**GOAL OF THE EXERCISE**
Without the pictures, extract every line from the start of the material to the line containing "インクタンクのタンクキャップ", both ends included.

**SUPPLIED INFORMATION**
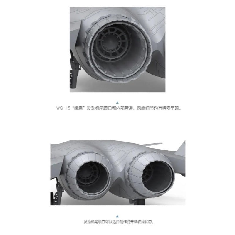 • The engine nozzle & internal parts of the WS-15 engines are represented.
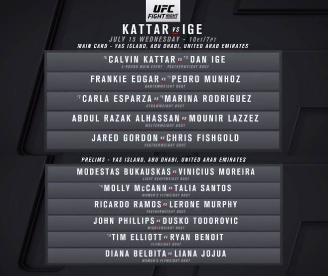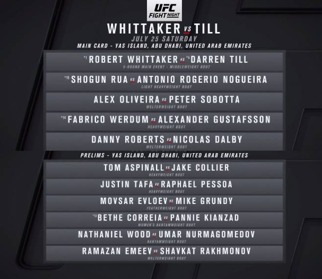 다음 달 12일부터 26일까지 아랍에미리트 아부다비 '파이트 아일랜드' 야스 섬에서 보름 동안 펼쳐질 UFC 전 경기가 발표됐다. 4개 대회에서 타이틀전 4경기를 포함해 총 47경기가 펼쳐진다.
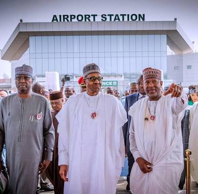 President Buhari yesterday inaugurated the new airport terminal, a development the PDP said was mainly designed to score cheap political points ahead of the 2019 general elections.
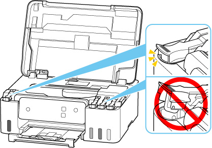 インクタンクのタンクキャップがしっかり差し込まれていることを確認してください。タンクキャップが浮いている場合は、タンクキャップを正しく差し込んでください。
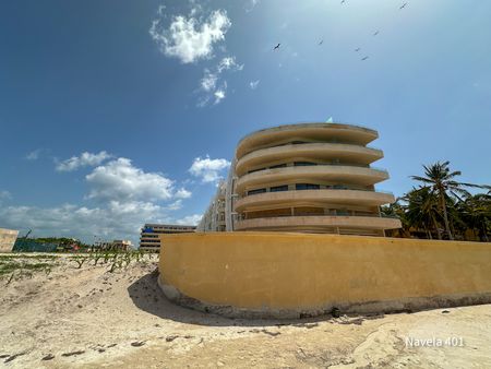Navela 401 es un penthouse que se destaca por tener vista frontal a la hermosa costa esmeralda del mar de Telchac, con dos espectaculares terrazas, un balcón y para rematar: un jacuzzi en la terraza más alta, frente al mar, sencillamente
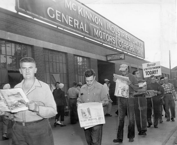 Striking workers at McKinnon Industries – a GM affiliate in St. Catharines, Ont. – read early editions of The Globe for updates on the negotations in 1955. The Globe's labour coverage had greatly expanded in the years since the Oshawa strike.Jimmy Simpson/The Globe and Mail
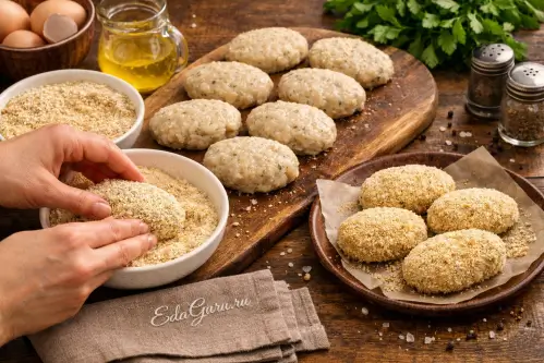 Шаг 4. Сформуйте и запанируйте котлеты
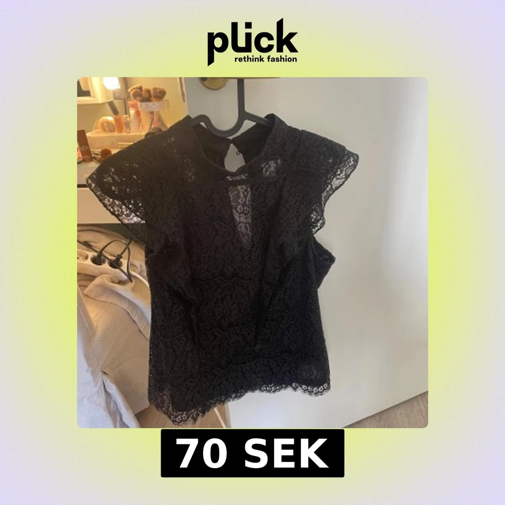 Säljer en svart blus i spets med v-ringning och korta ärmar. Blusen har fina spetsdetaljer och är perfekt för att lyfta en outfit. Lätt och luftig modell.

**REPLY TO THE EXERCISE**
 • The engine nozzle & internal parts of the WS-15 engines are represented.
 다음 달 12일부터 26일까지 아랍에미리트 아부다비 '파이트 아일랜드' 야스 섬에서 보름 동안 펼쳐질 UFC 전 경기가 발표됐다. 4개 대회에서 타이틀전 4경기를 포함해 총 47경기가 펼쳐진다.
 President Buhari yesterday inaugurated the new airport terminal, a development the PDP said was mainly designed to score cheap political points ahead of the 2019 general elections.
 インクタンクのタンクキャップがしっかり差し込まれていることを確認してください。タンクキャップが浮いている場合は、タンクキャップを正しく差し込んでください。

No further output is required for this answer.